A Time For Humility And A Time For Assertiveness

In Parshah Mikeitz, Yosef’s brothers vigorously deny his accusation that they are spies and insist: “We are all sons of one man; we are truthful people; your servants have never been spies.” [Bereshith 42:11]

Rav Samson Raphael Hirsch has two interesting observations on this passuk [verse].

First Rav Hirsch notes that we have seen throughout history that as strong as family bonds may be, when times of panic arrive, these ties often give way to an “every man for himself” attitude. When it comes to a question of “my survival or your survival,” family connections have a way of breaking down very rapidly.

There was a famine. People were lining up for food. They did not know if the food supply would run out or not. Most people under such circumstances would be tempted to try to push ahead in front of the line.

However, the sons of Yaakov stood together as a group. “We are all the sons of one man” in good times or in bad times. We are either all going to get food or none of us will get food.

The second insight that Rav Hirsch makes is classic Hirschian exegesis.
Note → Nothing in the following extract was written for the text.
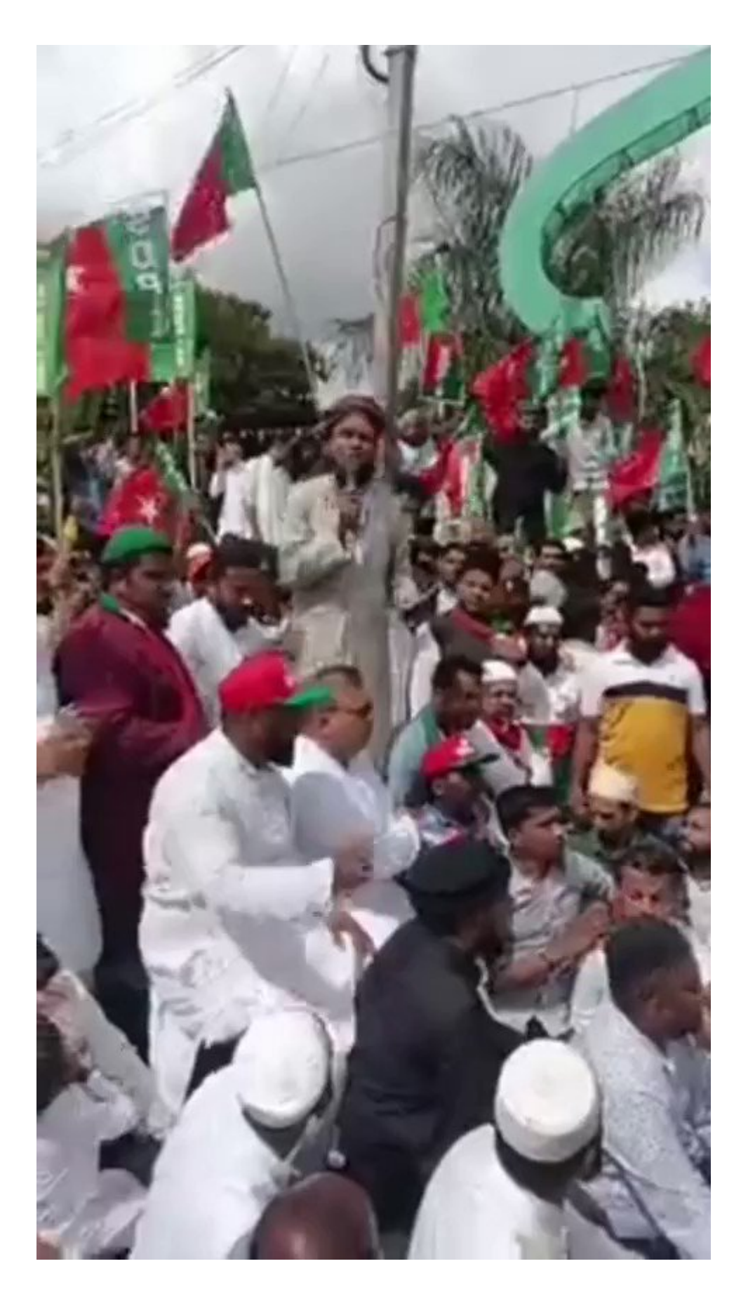
4. In this video radical SDPI leader is warning that this is not the India of 1992!

The way the brothers stated that they were all the sons of one man by saying, “Kulanu bnei ish echad NACHNU.” NACHNU [we / us] is an abbreviated version of the word ANACHNU. In fact, this very word ANACHNU is used in the next phrase of the passuk: “keinim ANACHNU” (WE are truthful people). Rav Hirsch asks why the passuk is inconsistent in the use of this first person plural pronoun. Why is it stated as NACHNU one time and then as ANACHNU just two words later?

Rav Hirsch explains that the two words have different connotations.
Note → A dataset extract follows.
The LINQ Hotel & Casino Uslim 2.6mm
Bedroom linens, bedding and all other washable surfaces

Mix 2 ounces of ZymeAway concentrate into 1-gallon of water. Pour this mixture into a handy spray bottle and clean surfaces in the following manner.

NACHNU is a much more modest form of the word for “we” than is ANACHNU. When one does not wish to assert himself and wishes to show modesty, he does not use the full word ANACHNU, but rather the more subtle and diminished form, NACHNU.

Rav Hirsch elaborates: When demonstrating their distinguished genealogy (yichus), they were modest – kulanu bnei ish echad NACHNU. But when their integrity was being impugned, then the occasion called for putting aside all modesty and forcefully denying the charge. Therefore, they aggressively used the word ANACHNU and stood up proudly for who they were: WE are truthful people.

The same people, who in the previous breath were modest and humble in presenting their lineage, were forceful and unapologetic in stating whom they were: keinim ANACHNU.